*Exercise goal*. Only the pictures are to be dropped, and the rest of the data should be copied exactly.

*Data excerpt*.
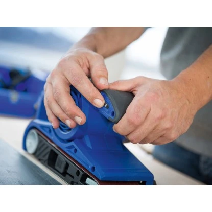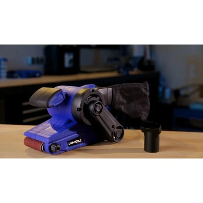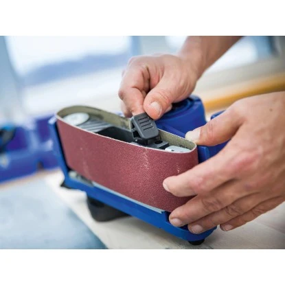 Ein praktischer Staubauffangsack ermöglicht das Sammeln des Abriebstaubes, bevor er sich im Arbeitsumfeld verteilen kann. Alternativ ist es möglich, mittels mitgeliefertem Adapter einen Staubsauger anzuschließen, sodass der Abrieb direkt entfernt wird. Der verwendete Werkstoff sowie die Arbeitsfläche bleiben sauber, was besonders beim Arbeiten in Innenräumen hilfreich ist, Zeit spart und den Komfort erhöht. Das Schleifband lässt sich ohne Einsatz von zusätzlichem Werkzeug mühelos auswechseln.
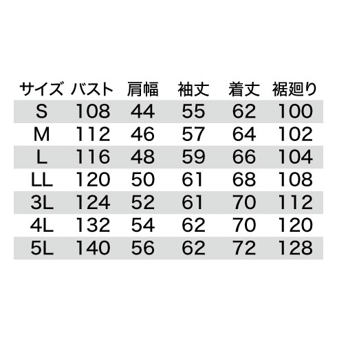| 袖丈 | 55 | 57 | 59 | 61 | 61 | 62 | 62 |
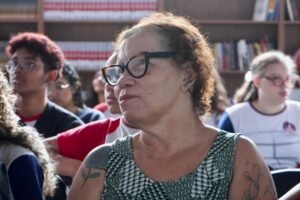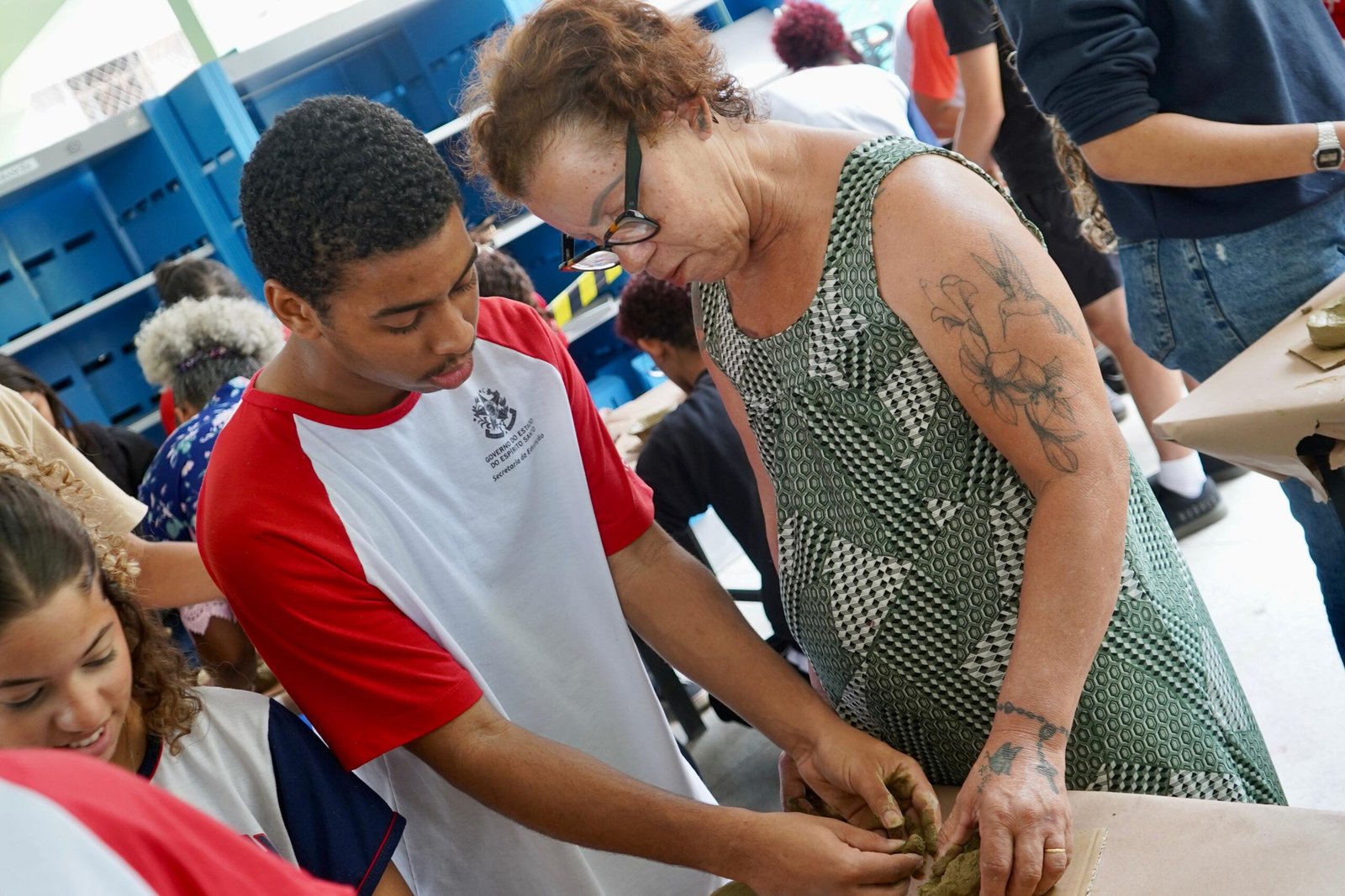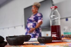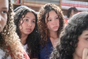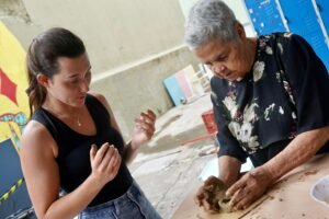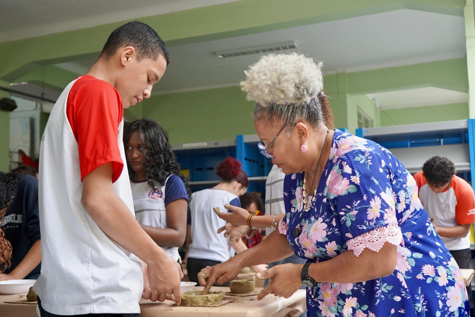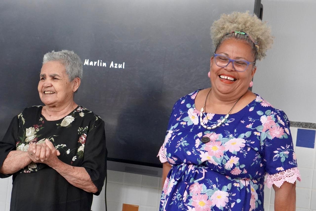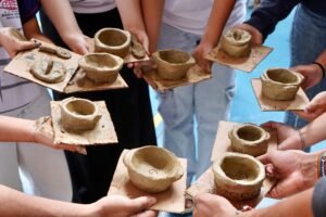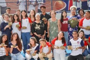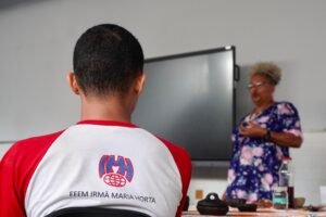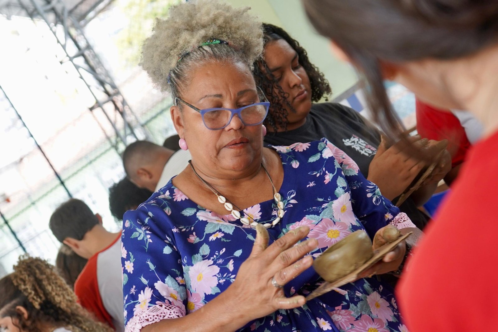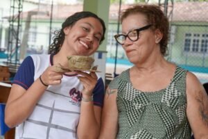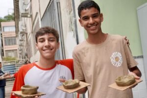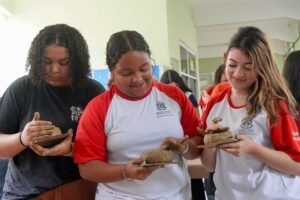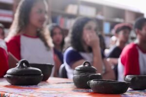 Pela manhã, cerca de 45 estudantes das turmas do 1o ano participaram das atividades com as paneleiras Jennette Alves Rodrigues, Sonia dos Santos Conceição Ferreira e Jamilda Bento, esta última também contadora de histórias. Elas explicaram o processo de fabricação das panelas e contaram histórias sobre como aprenderam o ofício, na maioria das vezes, com suas mães e avós, ainda meninas. Depois a turma assistiu ao curta “É da Mão de Quem? – Paneleiras”, primeiro episódio da série Griôs de Goiabeiras (que você pode assistir aqui), e, para finalizar, seguiram para a modelagem de suas próprias panelinhas.

*Final answer*.
 Ein praktischer Staubauffangsack ermöglicht das Sammeln des Abriebstaubes, bevor er sich im Arbeitsumfeld verteilen kann. Alternativ ist es möglich, mittels mitgeliefertem Adapter einen Staubsauger anzuschließen, sodass der Abrieb direkt entfernt wird. Der verwendete Werkstoff sowie die Arbeitsfläche bleiben sauber, was besonders beim Arbeiten in Innenräumen hilfreich ist, Zeit spart und den Komfort erhöht. Das Schleifband lässt sich ohne Einsatz von zusätzlichem Werkzeug mühelos auswechseln.
| 袖丈 | 55 | 57 | 59 | 61 | 61 | 62 | 62 |
 Pela manhã, cerca de 45 estudantes das turmas do 1o ano participaram das atividades com as paneleiras Jennette Alves Rodrigues, Sonia dos Santos Conceição Ferreira e Jamilda Bento, esta última também contadora de histórias. Elas explicaram o processo de fabricação das panelas e contaram histórias sobre como aprenderam o ofício, na maioria das vezes, com suas mães e avós, ainda meninas. Depois a turma assistiu ao curta “É da Mão de Quem? – Paneleiras”, primeiro episódio da série Griôs de Goiabeiras (que você pode assistir aqui), e, para finalizar, seguiram para a modelagem de suas próprias panelinhas.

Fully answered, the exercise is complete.